TASK BRIEF
This exercise calls for the whole listing to be given again exactly, without images.

INFORMATION SUPPLIED
Segment Open

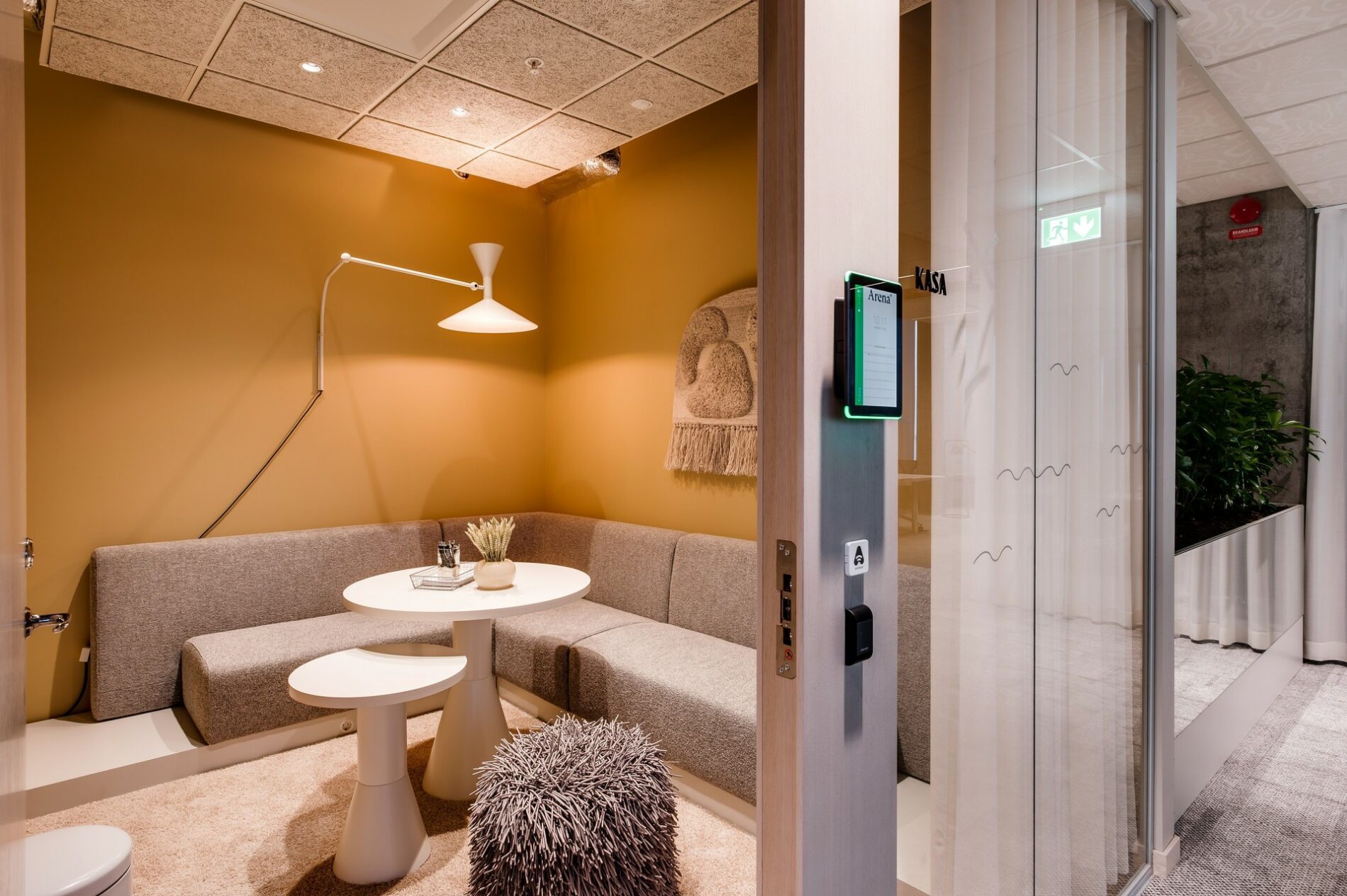Ett mötesrum för det mindre mötet. Inrett med platsbyggd hörnsoffa, soffbord och sittpuff. Rummet kan ta upp till 4 personer.
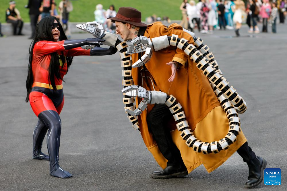 A costumed enthusiast poses for photos during the East European Comic Con festival in Bucharest, Romania, Sept. 12, 2025. The three-day East European Comic Con festival celebrating pop culture brings together thousands of fans who love comic books, movies, TV series and gaming. (Photo by Cristian Cristel/Xinhua)
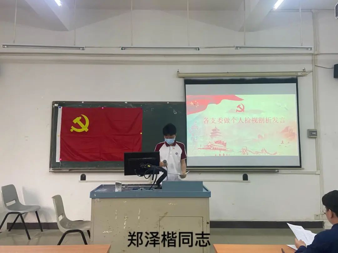 党支部支委依次作个人检视剖析发言。各支委通过自我检视,开展批评与自我批评,深知在党支部的不断教育引导下政治思想水平和党性得到提高,更加坚定入党动机,更加严于律己,同时也认识到自身存在许多不足,正视不足,改正不足,认真学习贯彻习近平新时代中国特色社会主义思想,不断增强“四个意识”、坚定“四个自信”、做到“两个维护”,努力成为一名优秀的共产党员。
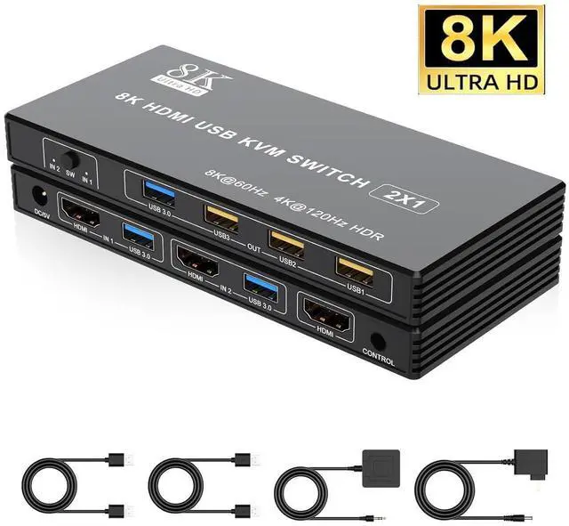 USB 3.0 HDMI KVM Switch 1 Monitor 2 Computers, Support 8K@60Hz 4K@120Hz, HDMI KVM Switches for 2 Computers Sharing Monitor Keyboard Mouse Printer, with EDID Adaptive, 2 USB Cable & Controller

Segment Closed

EXERCISE SOLUTION
Ett mötesrum för det mindre mötet. Inrett med platsbyggd hörnsoffa, soffbord och sittpuff. Rummet kan ta upp till 4 personer.
 A costumed enthusiast poses for photos during the East European Comic Con festival in Bucharest, Romania, Sept. 12, 2025. The three-day East European Comic Con festival celebrating pop culture brings together thousands of fans who love comic books, movies, TV series and gaming. (Photo by Cristian Cristel/Xinhua)
 党支部支委依次作个人检视剖析发言。各支委通过自我检视,开展批评与自我批评,深知在党支部的不断教育引导下政治思想水平和党性得到提高,更加坚定入党动机,更加严于律己,同时也认识到自身存在许多不足,正视不足,改正不足,认真学习贯彻习近平新时代中国特色社会主义思想,不断增强“四个意识”、坚定“四个自信”、做到“两个维护”,努力成为一名优秀的共产党员。
 USB 3.0 HDMI KVM Switch 1 Monitor 2 Computers, Support 8K@60Hz 4K@120Hz, HDMI KVM Switches for 2 Computers Sharing Monitor Keyboard Mouse Printer, with EDID Adaptive, 2 USB Cable & Controller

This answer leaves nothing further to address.